“I’m much obliged, but I don’t happen to be interested. I have seen too many persons apparently moved by them already. What I want to know is, is Jack Purchase going to be moved by them for ever.”

Audrey had never looked away from my face. Although she might not have been aware of it, in her voice there came a touch of anxiety.

“Norah, you’re not fond of Mr Carter, are you?”

“Well—in a kind of a way.”

“In a kind of a way? What kind of a way? Remember, child, that what is sport to you may be—something else to me.”

I was in a mischievous frame of mind. Each moment the mood was growing on me. What is more, my courage had returned. When I thought of what I had suffered at the hands of those four girls, and realised that now an opportunity had come—though goodness only knew whence, or how, or why!—to pay them back some of their own coin, an imp of malice seemed to enter into me, so that I did not care what I did or said. Ignoring Audrey’s evident earnestness I tried to seem as indifferent as I could.

“I don’t like him as much as I do Jack Purchase.”

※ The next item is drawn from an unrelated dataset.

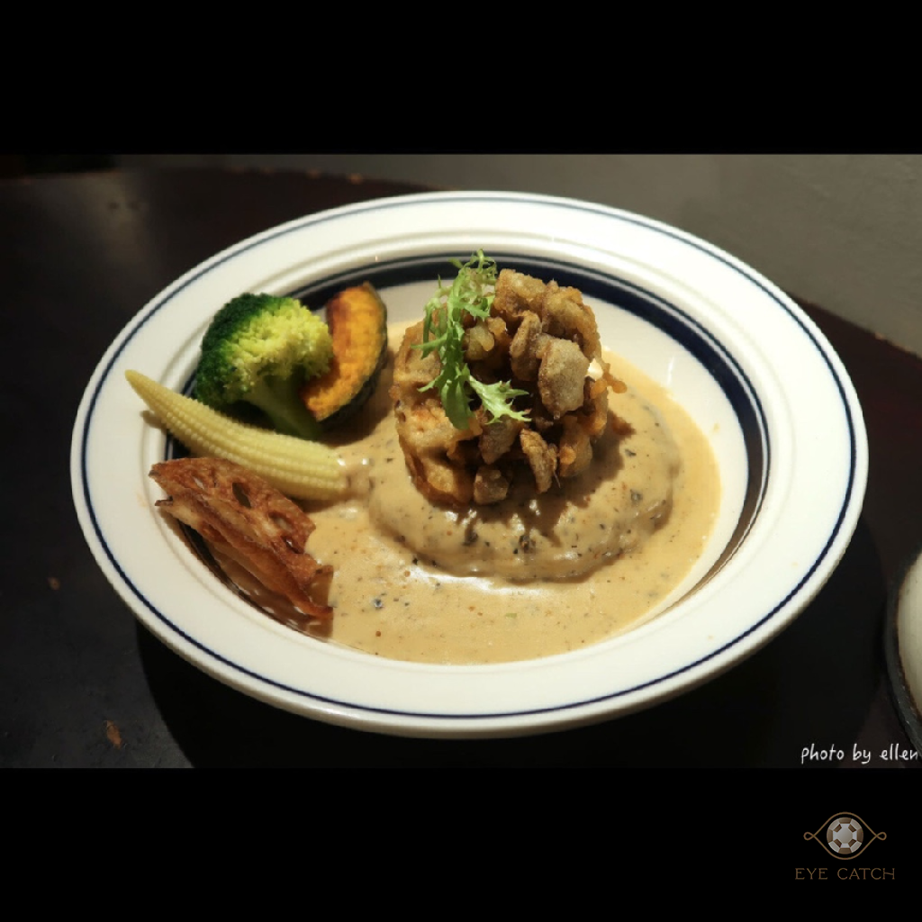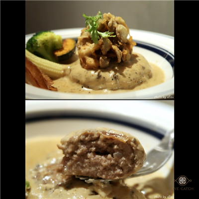 當初就是被漢堡排給吸引, 滿滿松露味噌醬還有炸蕈菇都是我愛的, 漢堡肉排軟嫩多汁肉香濃厚, 松露醬奶味重吃多易膩, 不過配著炸蕈菇和旁邊附的蔬菜與米飯還是吃光光 ;)

“Don’t you, indeed!” retorted Doris, still with her face upturned. “What an altogether delightful person you seem to have suddenly become—such a storehouse of all the sisterly virtues. You have my permission to like Mr Purchase as much as you please; and he is at liberty to like you—if he is that sort of person.”

“It’s ridiculous!” cried Lilian, in that vicious way of hers. “Norah is nothing but a great, ungainly, awkward gawk. She always has been, and always will be. She is as little likely to appeal to a decent man as one of Barnum’s freaks. The only kind of person to whom she is likely to commend herself is such a monstrosity as Crooked Ben.”

When she said that, I went hot all over. I made up my mind that I would show her no mercy, at any rate.